Again, I hope this helps. I would recommend pinging the editor from the peer review to hopefully get more commentary on this nomination. Aoba47 (talk) 16:15, 28 October 2019 (UTC)[reply]

  • I think you are missing a word here (Emery said that he did not the video to be a typical dance music video).
  • Whoops, fixed.
  • For this part (Emery got in touch with Ditch the Label to work on the music video, working with Liam Hackett, their CEO and founder,), I think it should be "its CEO and founder" instead of "their". Aoba47 (talk) 10:59, 29 October 2019 (UTC)[reply]
  • Done.
  • I am wondering if this sentence (The song achieved this within a month of its release, reaching number one on the Beatport overall charts on 16 February 2017) be simplified to either (The song reached number one on the Beatport overall charts on 16 February 2017) or (The song achieved this on 16 February 2017). There is something slightly repetitive about the sentence.
  • Replaced with your second suggestion.
  • For this sentence ("Saving Light" was voted the 2017 Tune of the Year on Armin van Buuren's radio show A State of Trance and was voted the Best Original Trance track of 2017 by the r/EDM subreddit.), I would remove the second instance of "was voted".
  • Done.
  • I have a comment about this part (The official remixes of "Saving Light" featured electronic music artists Decoy!, Hixxy, Intercom, Notaker, Nwyr, and Ruben de Ronde). Would it be better to just list the two notable artists (i.e. the ones with Wikipedia articles) in the lead?
  • Done.
  • For this part (Haliene released her acoustic version of the song on 30 January 2019), I would simplify "her acoustic version of the song" to "an acoustic version".
  • Done.
  • I have a comment about this part (which they gave to songwriters Roxanne Emery, Haliene, Matthew Steeper, and Karra during a writing session.), specifically the "during a writing session" portion. After reading the Billboard source, it sounds like Emery did not attend the writing session at all, and gave them the demo so they could have something to work on in his absence. I think "for a writing session" would better reflect that as the "during" part makes me think he was present at this session and gave it to these individuals then. Aoba47 (talk) 13:44, 29 October 2019 (UTC)[reply]
  • Done. "During" does kinda sound like he was a part of the session, so "for" sounds like he gave them the material to work on, which is what happened.
  • I would avoid repeating the word "video" twice in this part (Emery said that he did not want the video to be a typical dance music video of him and Standerwick dancing at a festival, instead choosing to produce a video that would "provide hope for those dealing with adversity.").
  • Done, replaced the first "the video" with "it", should be good as that it should be obvious to readers what Emery is referring to.
  • Do you think the lead should include a brief sentence about the song's lyrics?
  • Going off of what the article has on the lyrics, I've added a bit about how the lyrics are intertwined with the music video and what is is generally about.
  • Armada Music should be wikilinked in this part (On 1 November 2017, Armada Music opened voting to select for the 2017 Tune of the Year for) as it is the first and only time it is mentioned in the body of the article. Aoba47 (talk) 13:49, 29 October 2019 (UTC)[reply]
  • Done.

Thank you for addressing everything. I support this for promotion. Aoba47 (talk) 12:56, 30 October 2019 (UTC)[reply]

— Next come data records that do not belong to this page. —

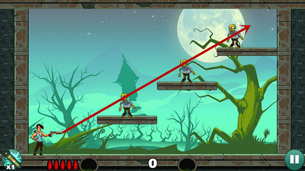 这关比较简单,只要平射一次或两次就可以把下面那个僵尸杀了。上面的僵尸利用反弹杀掉,找不准位置可以多用几发子弹来找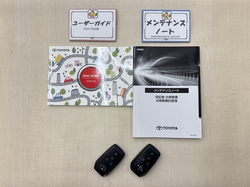 基本操作はもちろん、最近の車は装備もどんどん進化しているので困った時に役立つユーザーガイドと、整備歴が確認できるメンテナンスノートが付いてます。安心ですね☆☆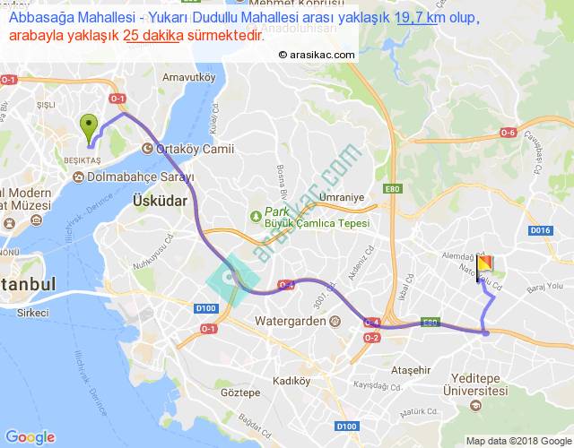 Abbasağa Mahallesi - Yukarı Dudullu Mahallesi arası yaklaşık olarak 90 km/h ile yukarıda belirtilen sürede olup, iki yerin kuş uçuşu uzaklığı (mesafesi) 13'dir. Yolculuk otobüsle 32 dakika sürmektedir.

  • If this does get archived in the near future, then it may be helpful to get some help from a tutor from here (Wikipedia:Mentoring for FAC). It may be helpful in improving the article further and attracting more attention if you would like to try for another nomination. Just thought that I should suggest this if you were not already aware of the FAC mentoring program. Aoba47 (talk) 22:43, 18 November 2019 (UTC)[reply]

Coordinator notes[edit]

I've added this to the Urgents list but unfortunately it seems to be a non-starter. It will need to be archived soon unless it sees significant progress. --Laser brain (talk) 13:03, 11 November 2019 (UTC)[reply]

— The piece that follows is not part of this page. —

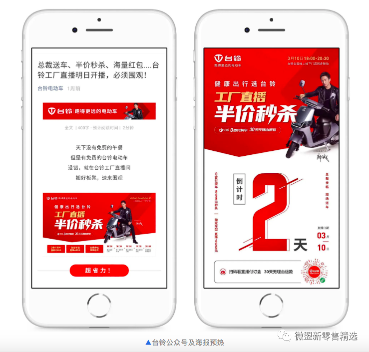 台铃电动车在3月10号工厂直播首秀中,将原价1688元的电动车,在当晚18:55分以888元限时秒杀的形式推出,让现场用户直享直播福利,刺激购买需求提高销量。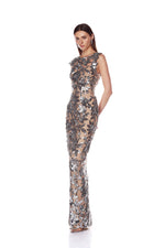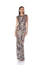 Make an entrance in the Violet Dark Silver Maxi Dress—sleek, shimmering, and show-stopping.

The above discussion is preserved as an archive. Please do not modify it. No further edits should be made to this page.
The following is an archived discussion of a featured article nomination. Please do not modify it. Subsequent comments should be made on the article's talk page or in Wikipedia talk:Featured article candidates. No further edits should be made to this page.

The article was archived by Ian Rose via FACBot (talk) 15 November 2019 [4].


Hart Island (Bronx)[edit]

Nominator(s): epicgenius (talk) 00:08, 15 October 2019 (UTC)[reply]

This article is about an island in the Bronx, NYC, which is used as a potter's field. About a million people are buried there. And in my opinion, it's quite an interesting topic with lots of history.

This article had a previous FAC, which received an image and source review by Nikkimaria but was archived due to a lack of support. It has also received a GOCE copyedit. Any further comments are welcome. epicgenius (talk) 00:08, 15 October 2019 (UTC)[reply]

Quick comment: I intend to look at the sources shortly, but meantime, how did the GOCE copyeditors allow the word "island" to occur four times in the opening line? Brianboulton (talk) 18:29, 15 October 2019 (UTC)[reply]

@Brianboulton: I tried to fix this. It's actually seven times, but three of these instances are in reference to other geographical features (i.e. City Island, Long Island Sound, Pelham Islands). epicgenius (talk) 12:48, 16 October 2019 (UTC)[reply]

Images are appropriately licensed. Nikkimaria (talk) 23:48, 19 October 2019 (UTC)[reply]

Sources review[edit]

  • No spotchecks carried out
  • Links to sources all working, per ext. links checker tool
  • Formats:
  • Be consistent re book publisher locations (compare refs 6, 7, 57 with ref 75)
  • Ref 59: Grand Street can be wikilinked, piped from Grand Street (magazine)
  • Ref 65: Not sure the Chief Medical Officer is the publisher of this document. Surely New York City Council is the responsible authority?
  • Ref 94: Gothamist can be wikilinked, too.
  • Quality/reliability: I'm not too sure about ref 91, "Untapped Cities". What makes this a high quality reliable source per the FA criteria? No problems otherwise.

Brianboulton (talk) 20:57, 21 October 2019 (UTC)[reply]

@Brianboulton: Thanks for the source review, I have fixed the issues you described above. I removed Untapped Cities because it doesn't meet the FA criteria. epicgenius (talk) 13:27, 22 October 2019 (UTC)[reply]

@FAC coordinators: I would like to withdraw this nomination, as it seems that there is some news that may require a major update, thereby failing the stability criterion 1e. epicgenius (talk) 14:57, 15 November 2019 (UTC)[reply]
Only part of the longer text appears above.